**What you are asked to do**
Reproduce, exactly and only, the lines of the data that follows from the one containing "红星公交场站安全评价服务采购询价公告" down to the one containing "Zurzeit lernen an", without pictures.
[[ Entries provided, beginning ]]
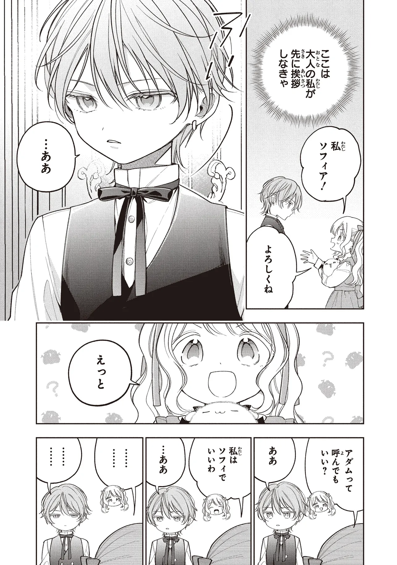 魔塔のブラックな職場環境で過労死寸前の子爵令嬢・ソフィアは、心の支えだった魔法使いのドウェインが実は裏で虐げることを指示していたことを知り絶望、脱走を決意して子どもになる薬を開発する。幼女化して逃げ出した先で待っていたのは、ソフィアを養女として迎え入れてくれ、溺愛してくれるお兄様お父様によるとんでもない好待遇と働かなくてもいい生活だったーー。うってかわって幸せすぎる毎日を過ごしている最中、公爵家でしばらく預かることになったという幼女化したソフィアと同年代のアダムという男の子がやってきて…!「子どもになった令嬢」×「子どもになった公爵令息」による溺愛ラブコメ!
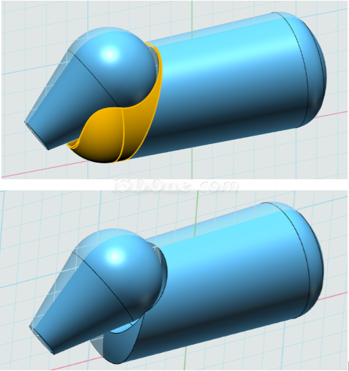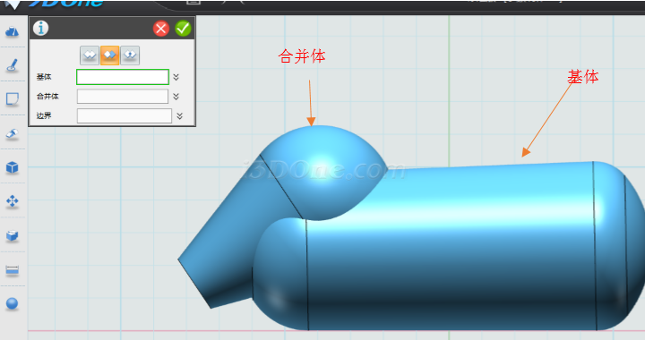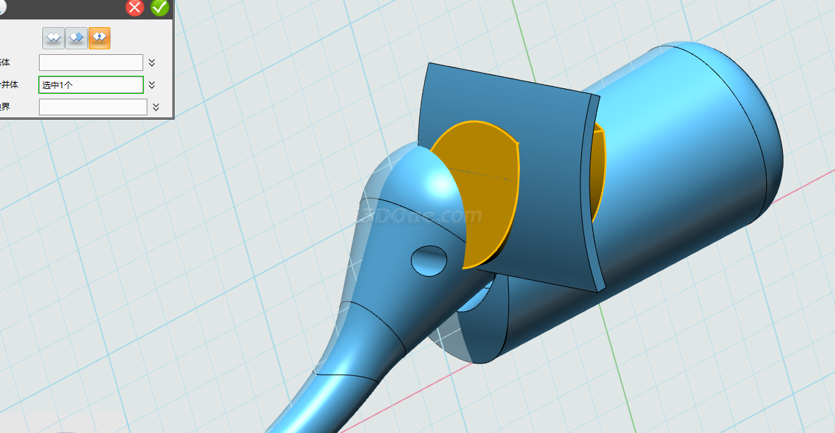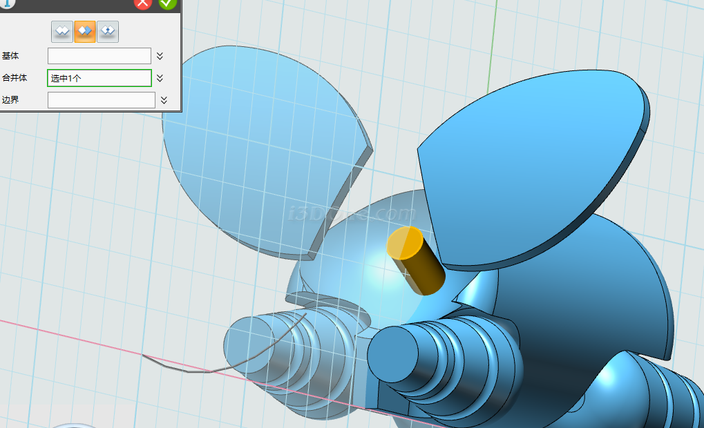 選擇組合編輯命令,頭部設為基體,上步驟拉伸的圓柱實體設為合并體,布爾運算設為減運算
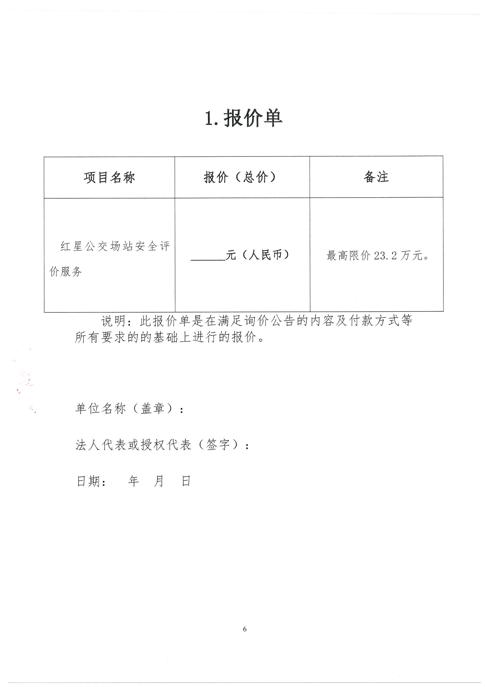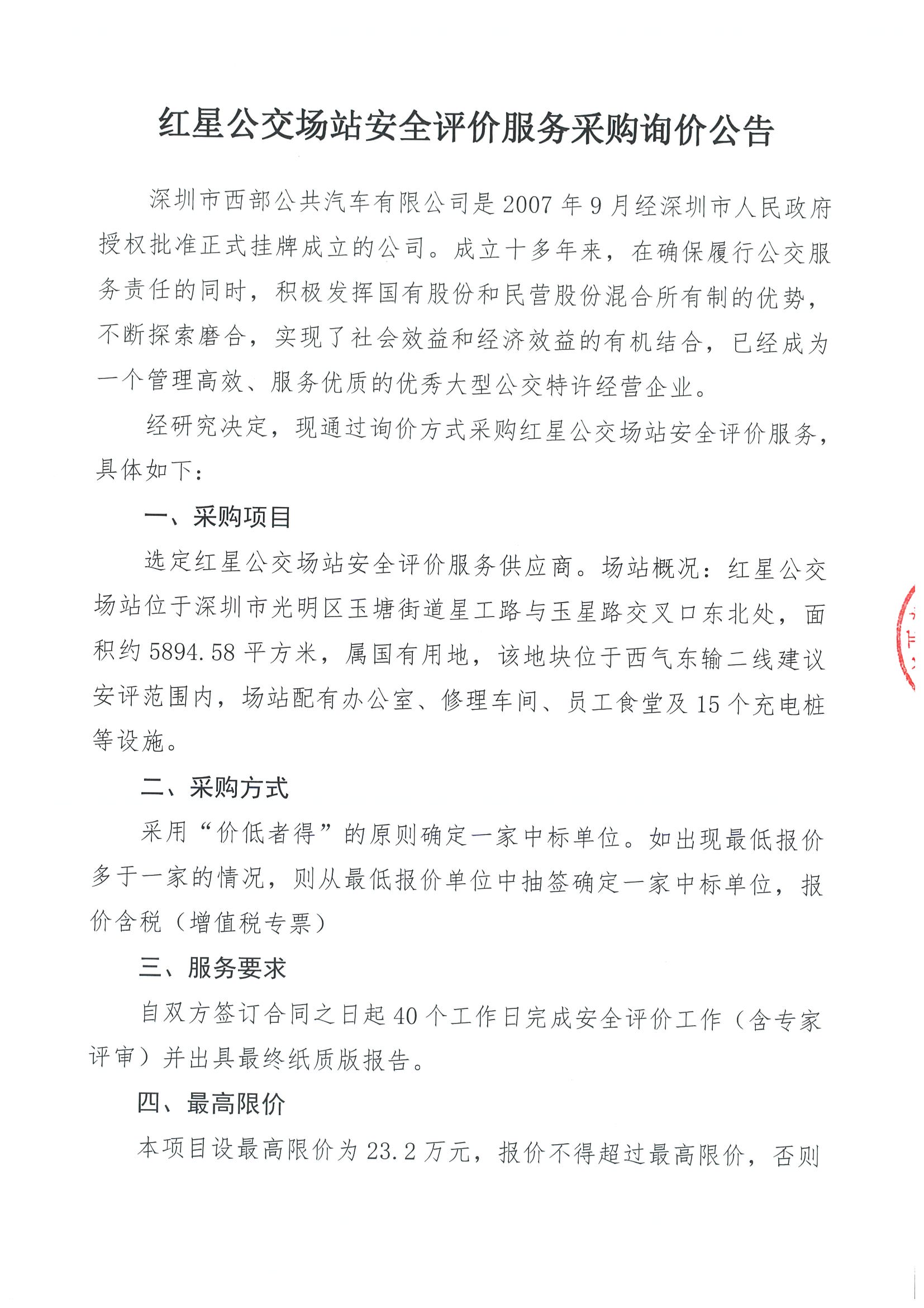 红星公交场站安全评价服务采购询价公告
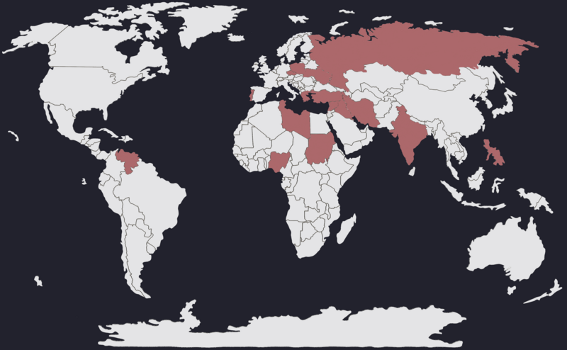 Zurzeit lernen an unserer Schule 43 Kinder mit Migrationshintergrund. Auf der Weltkarte sind die Herkunftsländer der Kinder farblich hervorgehoben.
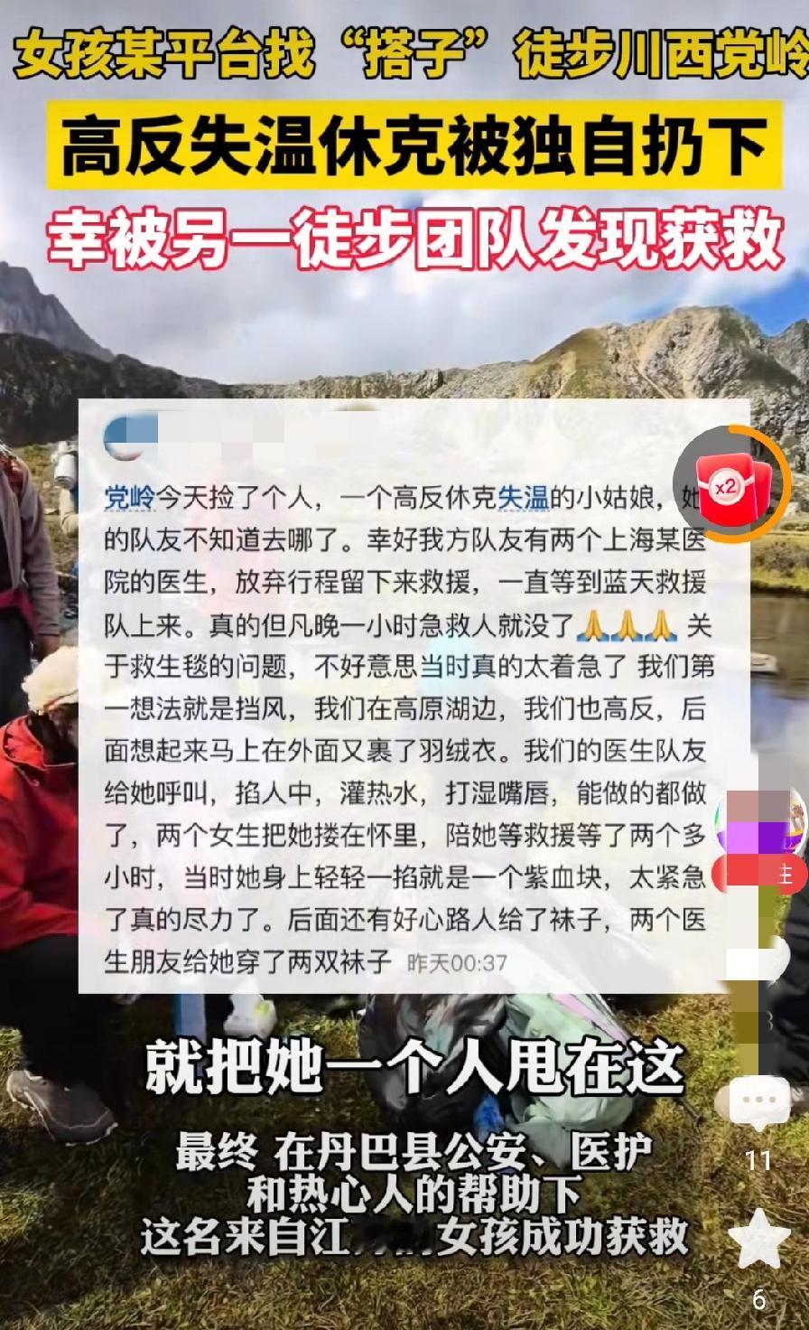 现在这年头,找个“搭子”太容易了。吃饭有饭搭子,看电影有影搭子,连出个门旅游,都能在网上速配一个临时旅伴。这种轻巧的社交方式,主打一个高效陪伴,不深入、不纠缠,解决了无数都市人的孤独感。 但这种“轻关系”真的扛得住事儿吗?一旦把它从咖啡馆、电影院,扔到需要把后背交给对方的极限环境里,它会变成什么样?10月6日海报新闻报道的一件事,就像一盆冰水,浇醒了很多人。 在川西党岭,一个独自徒步觉得孤单的女孩,就这么干了。她上网找了个“搭子”,心想万一出点事,好歹身边有个人能搭把手。这个想法,代表了太多人对“搭子”的美好滤镜。 可她们要去的地方,是海拔超过4000米,甚至有说法是4700多米的高山。这已经不是散步,而是一场挑战。女孩很快就倒下了,严重的高反、失温,最后直接昏迷,动弹不得。 这就是考验人性的时刻。那个被她寄予厚望的“搭子”,是怎么做的?他走了。就这么走了,独自一人,消失得无影无踪。别说救助,别说背她下山,他甚至连个求救电话都懒得打。 这种建立在网络上的临时组合,本质上就是个功能性的搭伙,根本不是什么责任共同体。指望一个萍水相逢的陌生人,在生死关头为你豁出去,这本身就是一场拿命在赌的豪赌。 当女孩生命垂危,命悬一线时,真正的转机出现了。另一支路过的徒步团队发现了她。这些素不相识的驴友,没有丝毫犹豫,立刻上前查看情况,展开急救。 正是这些热心的陌生人,把女孩从死亡线上拉了回来。他们让她恢复了意识,并和后来的专业救援队一起,把她安全带下了山,送进医院。女孩脱离了危险。 你看,这事儿多讽刺。你精心挑选的“搭子”,在你最需要他的时候,把你当成累赘一样抛弃。而一群完全不相干的路人,却成了你的救命恩人。这简直是人性光谱的两个极端。 那个“搭子”的行为让人愤怒,但更值得反思的,是女孩自己。她犯的最大错误,就是把自己的安全感,轻率地寄托在一个虚无缥缈的网络关系上。 这起事件给我们敲响了警钟:社交可以“轻”,但生命之“重”,开不起任何玩笑。搞这种高风险的活动,要么找专业的团队,要么和信得过的亲友同行,这才是对自己负责。 享受网络社交的便利没错,但我们必须清醒地知道每一种关系的边界在哪。对于那些需要托付生死的挑战,我们需要的绝不只是一个临时的“搭子”,而是一个能真正把后背交给他的伙伴。 信息来源:海报新闻 2025-10-6
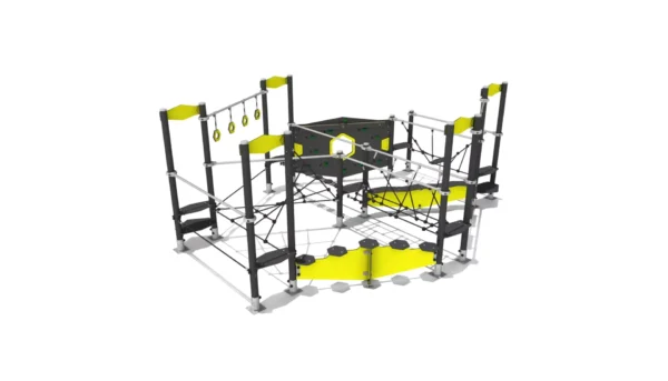 Een groot, zeshoekig balanceerobstakel met verschillende wiebelbruggen, klimwand en netstructuur.
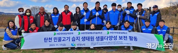 HD현대일렉트릭·HD현대에너지솔루션·HD현대로보틱스 등 3개사 임직원 20여명은 경기도 성남시에 위치한 ‘탄천 민물고기 습지 생태원’에서 자생하고 있는 국가 보호종 식물 가시연의 서식지 보전 및 생육 활성화를 위해 75리터 종량제봉투 15개 분량의 천적 관계인 환삼덩굴 등 생태계 교란 외래 식물 제거 작업을 했다.
[[ Entries provided, end ]]
**Task output**
 红星公交场站安全评价服务采购询价公告
 Zurzeit lernen an unserer Schule 43 Kinder mit Migrationshintergrund. Auf der Weltkarte sind die Herkunftsländer der Kinder farblich hervorgehoben.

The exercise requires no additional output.